Von Neumann systems are conceptually uncomplicated to design and program, since they do only one operation at a time. A number of advancements have been made to the original von Neumann paradigm to permit the various parts of the system, most notably the various components of the processor, to operate relatively independently and achieve a significant increase in processing speed. One such advancement is pipelining of the various steps in executing an instruction, including instruction fetch, operation code decode (a typical instruction includes an operation code which identifies the operation to be performed, and in most cases one or more operand specifiers, which identify the location in memory of the operands, or data, to be used in executing the instruction), operand fetch, execution (that is, performing the operation set forth in the operation code on the fetched operands), and storing of processed data, which steps are performed relatively independently by separate hardware in the processor. In a pipelined processor, the processor's instruction fetch hardware may be fetching one instruction while other hardware is decoding the operation code of another instruction, fetching the operands of still another instruction, executing yet another instruction, and storing the processed data of a fifth instruction. Since the five steps are performed sequentially, pipelining does not speed up processing of an individual instruction. However, since the processor begins processing of additional instructions before it has finished processing a current instruction, it can speed up processing of a series of instructions.

A pipelined processor is obviously much more complicated than a simple processor in a von Neumann system, as it requires not only the various circuits to perform each of the operations (in a simple von Neumann processor, many circuits could be used to perform several operations), but also control circuits to coordinate the activities of the various operational circuits. However, the speed-up of the system can be dramatic.

More recently, some processors have been provided with execution hardware which includes multiple functional units each being optimized to perform a certain type of mathematical operation. For example, some processors have separate functional units for performing integer arithmetic and floating point arithmetic, since they are processed very differently. Some processors have separate hardware functional units each of which performs one or only several types of mathematical operations, including addition, multiplication, and division operations, and other operations such as branch control and logical operations, all of which can be operating concurrently. This can be helpful in speeding up certain computations, most particularly those in which several functional units may be used concurrently for performing parts of a single computation.
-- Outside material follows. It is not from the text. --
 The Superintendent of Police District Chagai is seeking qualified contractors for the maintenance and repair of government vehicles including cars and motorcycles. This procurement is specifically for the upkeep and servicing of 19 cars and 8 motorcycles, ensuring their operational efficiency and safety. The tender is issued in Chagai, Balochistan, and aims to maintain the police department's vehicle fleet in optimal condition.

In a von Neumann processor, including those which incorporate pipelining or multiple functional units (or both, since both may be incorporated into a single processor), a single instruction stream operates on a single data stream. That is, each instruction operates on data to enable one calculation at a time. Such processors have been termed "SISD," for single-instruction/single-data." If a program requires a segment of a program to be used to operate on a number of diverse elements of data to produce a number of calculations, the program causes the processor to loop through that segment for each calculation. In some cases, in which the program segment is short or there are only a few data elements, the time required to perform such a calculation may not be unduly long.

However, for many types of such programs, SISD processors would require a very long time to perform all of the calculations required. Accordingly, processors have been developed which incorporate a large number of processing elements all of which may operate concurrently on the same instruction stream, but with each processing element processing a separate data stream. These processors have been termed "SIMD" processors, for "single-instruction/multiple-data."
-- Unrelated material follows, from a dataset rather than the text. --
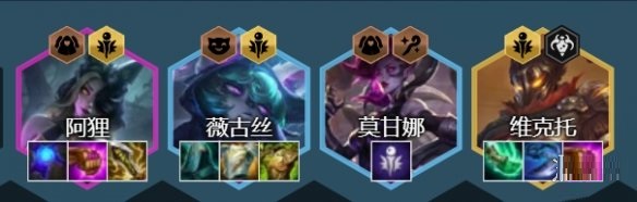 后期阵容:后期去找到2星阿狸和维克托补充伤害即可成型。如果没有维克托可以用斯维因来代替,阵容相对来说比较容易成型。而且强度在4-7以后来说还是不错的,但是大后期的强度则整体偏弱,因此后期还是主要以2星维克托为主,当然追出3星阿狸的话,阵容伤害完全弥补。

SIMD processors are useful in a number of applications, such as image processing, signal processing, artificial intelligence, database operations, and computer simulation of a number of things, such as electronic circuits and fluid dynamics. In image processing, each processing element may be used to perform processing on a pixel ("picture element") of the image to enhance the overall image. In signal processing, the processors concurrently perform a number of the calculations required to perform such computations as the "Fast Fourier transform" of the data defining the signal. In artificial intelligence, the processors perform searches on extensive rule bases representing the stored knowledge of the particular application. Similarly, in database operations, the processors perform searches on the data in the database, and may also perform sorting and other operations. In computer simulation of, for example, electronic circuits, each processor may represent one part of the circuit, and the processor's iterative computations indicate the response of the part to signals from other parts of the circuit. Similarly, in simulating fluid dynamics, which can be useful in a number of applications such as weather predication and airplane design, each processor is associated with one point in space, and the calculations provide information about various factors such as fluid flow, temperature, pressure and so forth.
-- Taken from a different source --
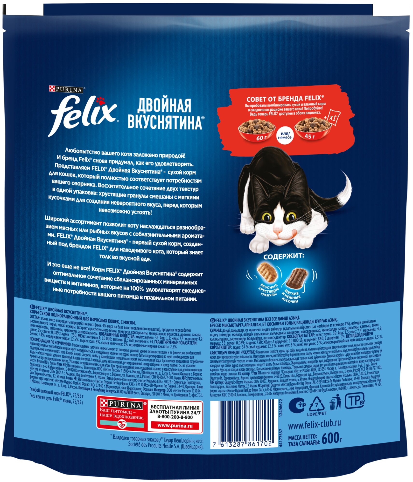 Felix Сухой корм для кошек Двойная вкуснятина с мясом 12498672, 0,6 кг, 59843

Typical SIMD systems include a SIMD array, which includes the array of processing elements and a router network, a control processor and an input/output component. The input/output component, under control of the control processor, enables data to be transferred into the array for processing and receives processed data from the array for storage, display, and so forth. The control processor also controls the SIMD array, iteratively broadcasting instructions to the processing elements for execution in parallel. The router network enables the processing elements to communicate the results of a calculation to other processing elements for use in future calculations.

Several routing networks have been used in SIMD arrays and others have been proposed. In one routing network, the processing elements are interconnected in a matrix, or mesh, arrangement. In such an arrangement, each processing element is connected to, and communicates with, four "nearest neighbors" to form rows and columns defining the mesh. This arrangement can be somewhat slow if processing elements need to communicate among themselves at random. However, the arrangement is inexpensive and conceptually simple, and may suffice for some types of processing, most notably image processing. The "Massively Parallel Processor" manufactured by Goodyear Aerospace Corporation is an example of a SIMD array having such a routing network.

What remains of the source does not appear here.